- Type: Dual uniform tiling
- Wallpaper group: cmm, [∞,2^{+},∞], (2*22)
- Dual: Elongated triangular tiling
- Properties: face-transitive

= Elongated triangular tiling =

Semiregular tiling of the plane

In geometry, the elongated triangular tiling is a semiregular tiling of the Euclidean plane. There are three triangles and two squares on each vertex. It is named as a triangular tiling elongated by rows of squares, and given Schläfli symbol {3,6}:e.

Conway calls it a isosnub quadrille.

There are 3 regular and 8 semiregular tilings in the plane. This tiling is similar to the snub square tiling which also has 3 triangles and two squares on a vertex, but in a different order.
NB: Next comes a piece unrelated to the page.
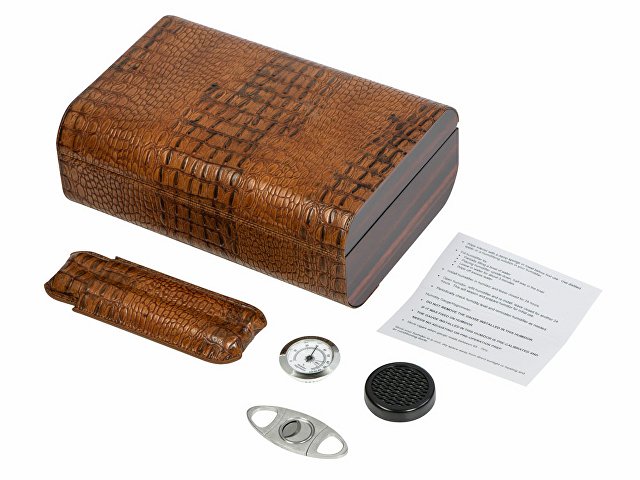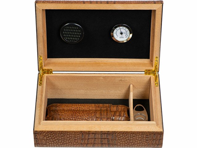 Прекрасный подарок для ценителей сигар. Хьюмидор в комплекте с аксессуарами для хранения и курения сигар придется по вкусу успешным бизнесменам. В комплект входят хьюмидор, футляр и нож для сигар, гигрометр и увлажнитель.

Elongated triangular tiling
Elongated triangular tiling
| Type | Semiregular tiling |
| Vertex configuration | 3.3.3.4.4 |
| Schläfli symbol | {3,6}:e s{∞}h_{1}{∞} |
| Wythoff symbol | 2 | 2 (2 2) |
| Coxeter diagram |  |
| Symmetry | cmm, [∞,2^{+},∞], (2*22) |
| Rotation symmetry | p2, [∞,2,∞]^{+}, (2222) |
| Bowers acronym | Etrat |
| Dual | Prismatic pentagonal tiling |
| Properties | Vertex-transitive |

== Construction==
It is also the only convex uniform tiling that can not be created as a Wythoff construction. It can be constructed as alternate layers of apeirogonal prisms and apeirogonal antiprisms.

== Uniform colorings ==

There is one uniform colorings of an elongated triangular tiling. Two 2-uniform colorings have a single vertex figure, 11123, with two colors of squares, but are not 1-uniform, repeated either by reflection or glide reflection, or in general each row of squares can be shifted around independently. The 2-uniform tilings are also called Archimedean colorings. There are infinite variations of these Archimedean colorings by arbitrary shifts in the square row colorings.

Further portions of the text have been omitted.